Иван Флорович, лютый враг молодых символистов, глядел на меня
исподлобья; багроволицая, желтоволосая супруга его, - та так и пылала
позднее при виде меня; ее пылающее лицо, на меня устремленное из сюртучков и
дамских причесок, - обычное впечатление заседаний; меня подмывало,
почтительно к ней подойдя, вдруг под нос самый выставить фигу; и думалось:
"Как не устанет она эдак злиться? Ведь ей же при этой комплекции даже
опасно пылать".
Но пылала она.
Не пылал ни в каком отношении сын ее, "Саша" Огнев, тот, которого
некогда мы аннексировали в нашу детскую труппу: на роли статистов; блондин,
очень вялый и бледный, он вырос: студент; он остался статистом, но - в хоре
"передовом"; статист "передового хора" сынков, он со знанием дела, но вяло,
но бледно, в годах все докладывал: естествознание без философии ограничивает
кругозор; философия без естествознания суживает; все - так: говорил с
досадной дельностью; говорил так, как принято; "передовые" сынки всего
мира - Германии, Англии, России и Франции - говорили так именно: слово в
слово!
По годам сопровождает меня голос "молодого" Огнева - студента,
оставленного при университете, доцента, потом, кажется, что и профессора:
- "Естествознание без философии ограничивает кругозор!"

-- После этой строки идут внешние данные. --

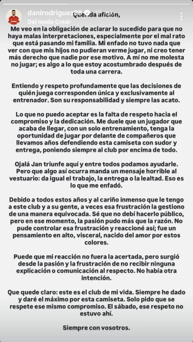 "Me duele que un jugador que acaba de llegar, con un solo entrenamiento, tenga la oportunidad de jugar por delante de compañeros que llevamos años defendiendo esta camiseta con sudor y entrega.
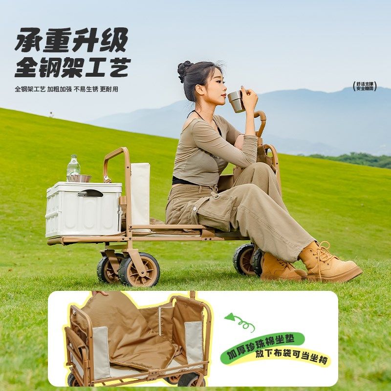 疆屿户外露营手推车营地车摆摊折叠野营拖车野餐车儿童可躺旅行车
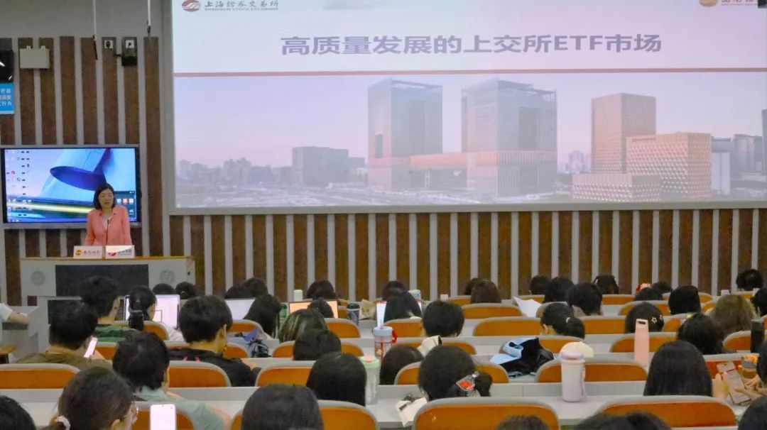 讲座伊始,王红娟从大赛的背景与意义、赛制规则、参赛要求、亮点与特色等方面向同学们一一解读“上证杯”理财规划大赛,并鼓励同学们积极报名参与。随后,王红娟以《高质量发展的上交所ETF市场》为题,分别从ETF的定义、ETF的重要地位、ETF的主要类别等角度展开,结合最新的数据和鲜活的案例,以通俗易懂的方式向同学们进行汇报。期间老师与同学们积极互动,现场学术氛围浓烈。
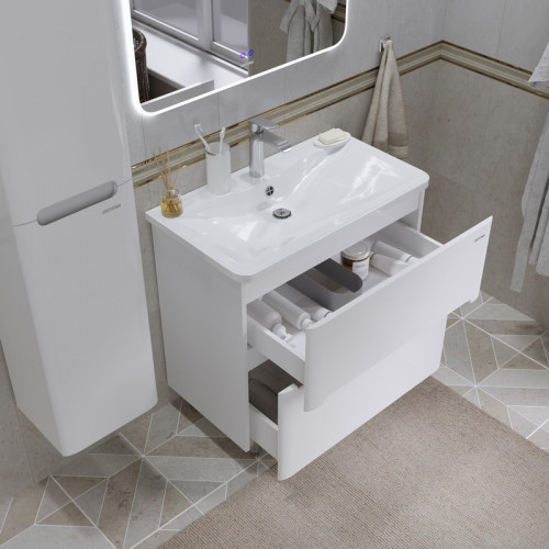 Тумба напольная "АДЕЛЬ-НОРМА-80 см" с 2-я ящ. белый глянец (ум. Aдель-80)
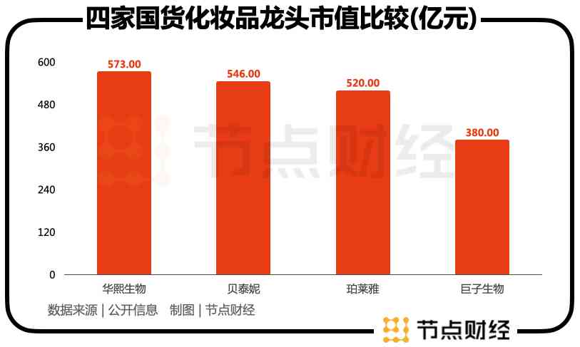 这也当前A股市值500亿元左右的四家国货化妆品龙头崛起的核心驱动力。这四家龙头分别是华熙生物(市值573亿元),贝泰妮(市值546亿元)、珀莱雅(市值520亿元),巨子生物(市值380亿元)。
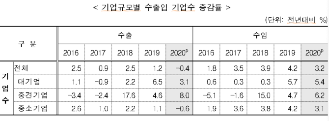 관세청 '기업특성별 무역통계잠정 결과'에 따르면 2019년보다 2020년 수출기업수가 5.5% 감소하고, 수입기업수도 7.1% 감소했다고 분석됐다.
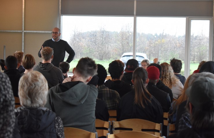 Marianne Jelveds (B) og Rasmus Prehns (S) besøg på Hjørring Produktionsskole var en del af de to politikeres omrejsende demokratikaravane, hvor målet er at besøge en række uddannelsesinstitutioner med det formål at engagere flere unge i demokrati og politik.
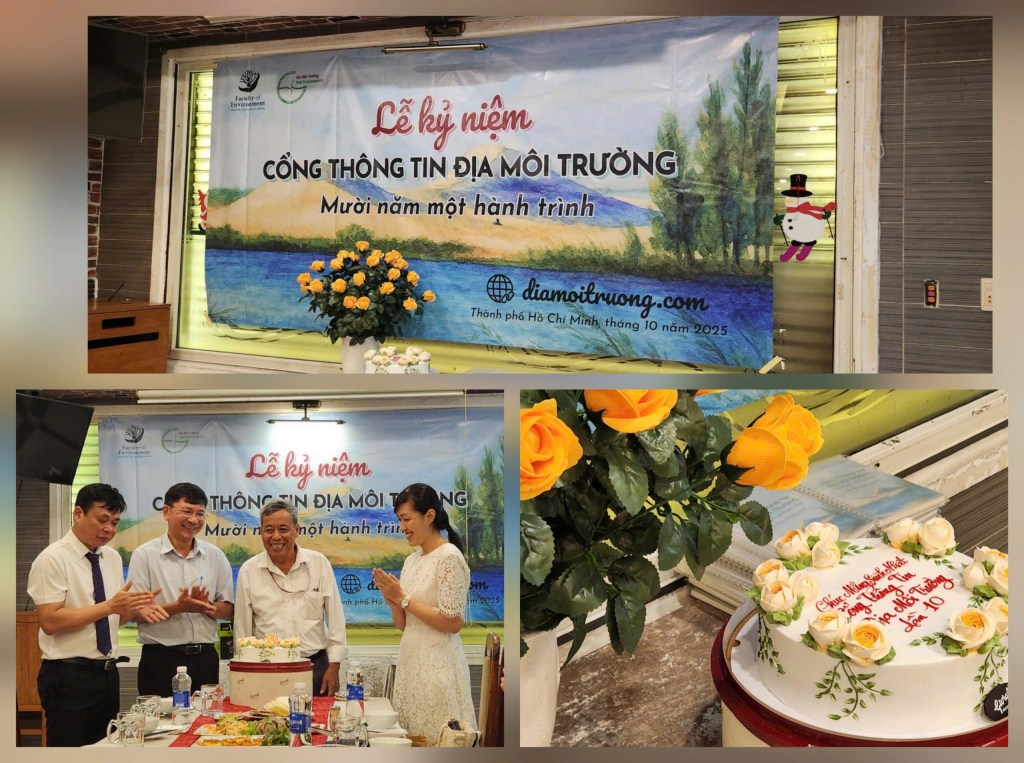 Ngày 19/10 vừa qua, tại Nhà hàng 241, chương trình kỷ niệm “Cổng Thông tin Địa Môi trường – 10 năm một hành trình” đã diễn ra trong không khí ấm cúng và trang trọng, với sự tham dự của Ban Chủ nhiệm Khoa, các Trưởng Bộ môn, cùng các thầy cô, cộng tác viên và những người đã đồng hành cùng trang trong suốt thời gian qua.

- "Философия без естествознания суживает". И слышалось:
- "Огнев правильно полагает".
- "Положения молодого Огнева!"
- "Огнев".
Потом прибавлялось:
- "Огнев опять говорил: то же самое".
- "Соединял философию с естествознанием?"
- "Соединял".
Браво, Огнев, п-р-а-в-и-л-ь-н-о!
И уже когда - который - дописывался книжный шкаф, трактовавший все тот
же почтенный вопрос "молодого" Огнева, "молодой" Огнев продолжал то, что
"молодой" Огнев говорил три года назад.
Что же - великое в малом, должно быть?
Появлялась за чайным столом Соловьевых тонкая, нервно реагирующая на
все вопросы и тонко оценивающая все вопросы голубоокая дочка Герье, Елена
Владимировна; она пригубливала чай, реагировала интонацией лица и голоса на
мнения, ставила чашечку; и - "понимала"; Ольга Михайловна отзывалась о ней:
- "Нервная Леля Герье".
- "Чуткая девушка".
- "Все понимает".
Появлялась сестрица Лопатина, бледная, тонкая, умная; и тоже - нервно
реагировала на все вопросы; и Ольга Михайловна отзывалась о ней:
- "Нервная Катя Лопатина".
- "Чуткая девушка".
- "Все понимает". Появлялись Таня Попова и Сена Попова, - опять-таки
умные, чуткие, тонкие, бледные; и опять-таки - все понимали; реагировали:
Сена - пригубливанием чашечки с ироническим поджимом губ; Таня -
пригубливанием чашечки с расширением синих глаз; поджим - от пониманья;
расшир - от пере-перепонимания; тоже бледная, тоже нервная, тоже все
понимающая, появлялась Марья Сергеевна Безобразова, сестра М. С. Соловьева;
и все понимала: еще более даже, - чем другие.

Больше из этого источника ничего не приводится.